Mukomuko Siaga Cuaca Ekstrem, Warga Diminta Waspada

Mukomuko Siaga Cuaca Ekstrem, Warga Diminta Waspada

Kabid Kedaruratan BPBD, Ahmad Hidayat Syah-Radar Utara/ Wahyudi -

MUKOMUKO, RADARUTARA.ID – Ancaman bencana hidrometeorologi kembali membayangi wilayah Kabupaten Mukomuko. Masyarakat diminta untuk meningkatkan kewaspadaan menyusul prakiraan cuaca dari BMKG yang menyebutkan bahwa dalam beberapa hari ke depan, wilayah ini masih akan diguyur hujan dengan intensitas tinggi disertai angin kencang.

Kepala Bidang Kedaruratan Badan Penanggulangan Bencana Daerah (BPBD) Kabupaten Mukomuko, Ahmad Hidayat Syah menegaskan bahwa kondisi cuaca ekstrem berpotensi memicu berbagai bencana, seperti banjir, tanah longsor, hingga pohon tumbang yang dapat membahayakan keselamatan masyarakat.

“Berdasarkan data BMKG, intensitas hujan di Mukomuko masih cukup tinggi dan disertai angin kencang. Kondisi ini tentu meningkatkan risiko terjadinya bencana alam. Karena itu, kami mengimbau masyarakat agar selalu waspada, terutama yang tinggal di daerah rawan,” ingatnya.

Ia menjelaskan, wilayah yang berada di sepanjang aliran sungai, daerah perbukitan, serta kawasan dengan pepohonan besar menjadi titik yang harus diwaspadai. Selain itu, masyarakat juga diminta untuk rutin memantau kondisi lingkungan sekitar, termasuk memastikan saluran air tidak tersumbat guna menghindari genangan maupun banjir.

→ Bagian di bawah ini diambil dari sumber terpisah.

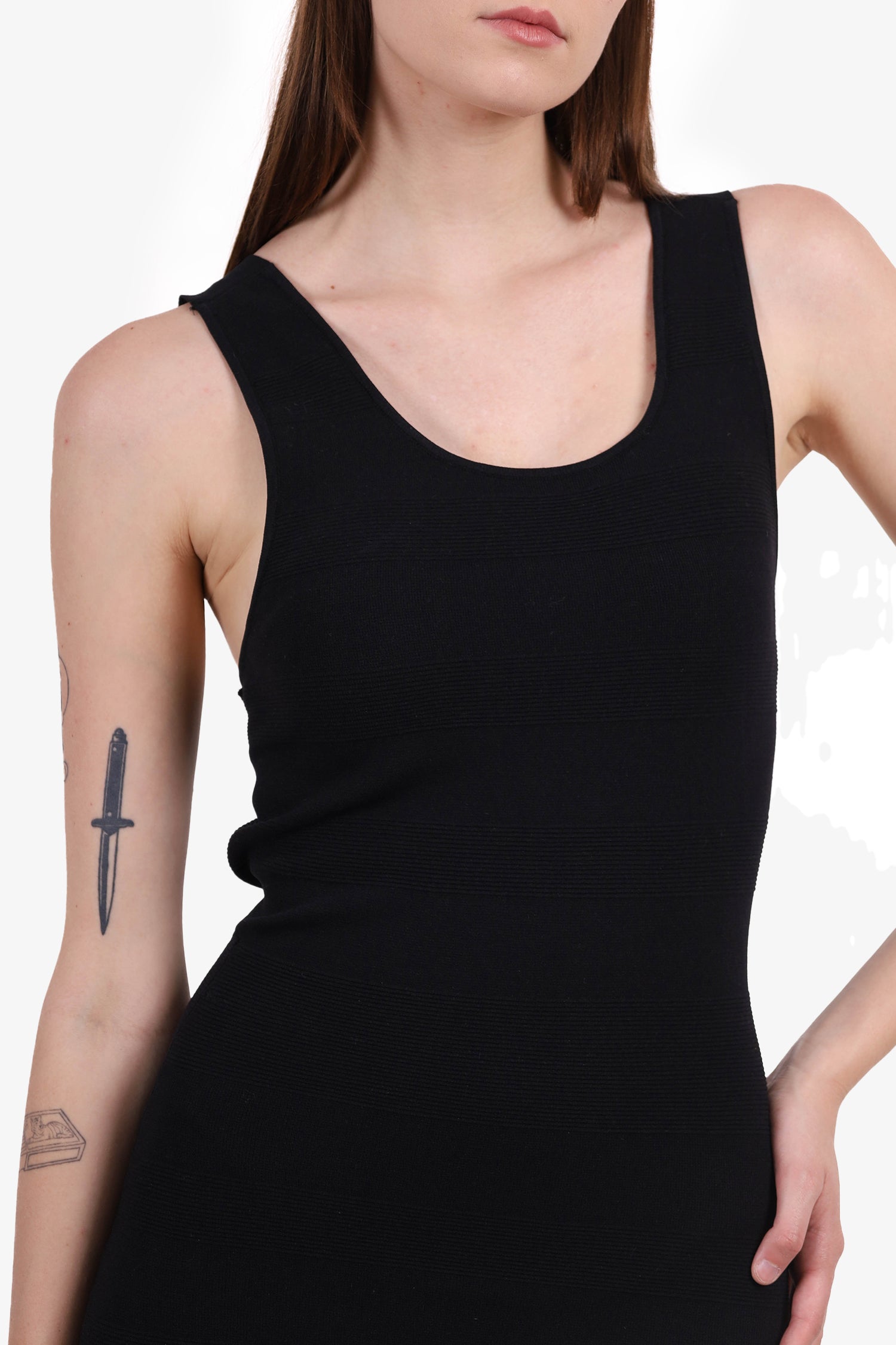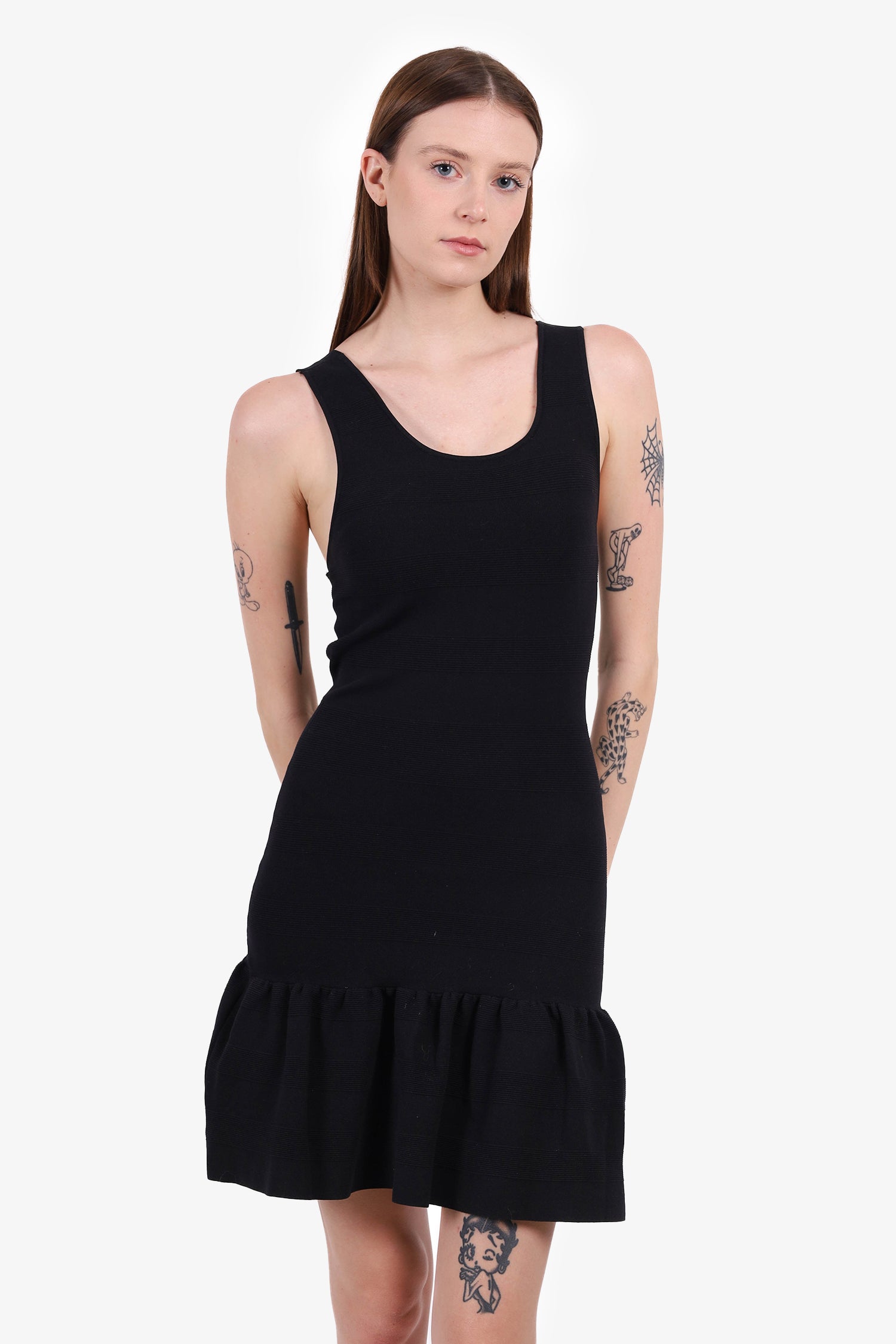Refresh availabilitySandro Black Ribbed Ruffle Hem Sleeveless Mini Dress. Slip-on. Round neckline. Tonal stitching. Unlined.
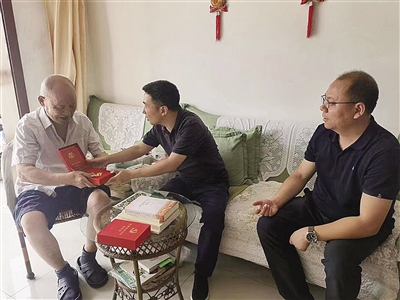 日前,市气象局有关负责同志到退休老党员家中慰问退休老党员,并送上工作三十年奖章。 杜美琳摄

BACA JUGA:Cuaca Ekstrem, Distribusi Bantuan Harus Dilakukan Tanpa Henti

Ia juga telah menyiagakan personel serta peralatan untuk menghadapi kemungkinan terburuk. Koordinasi lintas sektor terus dilakukan guna memastikan respons cepat apabila terjadi bencana. Masyarakat pun diminta untuk segera melaporkan jika menemukan tanda-tanda potensi bencana di wilayahnya.

“Peran aktif masyarakat sangat penting. Jika ada pohon yang berpotensi tumbang, tebing yang mulai retak, atau debit air sungai meningkat drastis, segera laporkan. Penanganan cepat dapat meminimalisir dampak yang lebih besar,” imbuhnya.

Di sisi lain, warga juga diingatkan agar lebih berhati-hati saat beraktivitas di luar rumah, terutama saat hujan deras dan angin kencang terjadi. Pengendara diminta untuk tidak memaksakan diri melintas di lokasi rawan, sementara masyarakat yang tinggal di daerah rawan longsor diimbau untuk meningkatkan kesiapsiagaan.

"Dengan kondisi cuaca yang belum menunjukkan tanda-tanda membaik, kewaspadaan menjadi kunci utama dalam menghadapi potensi bencana," pungkasnya.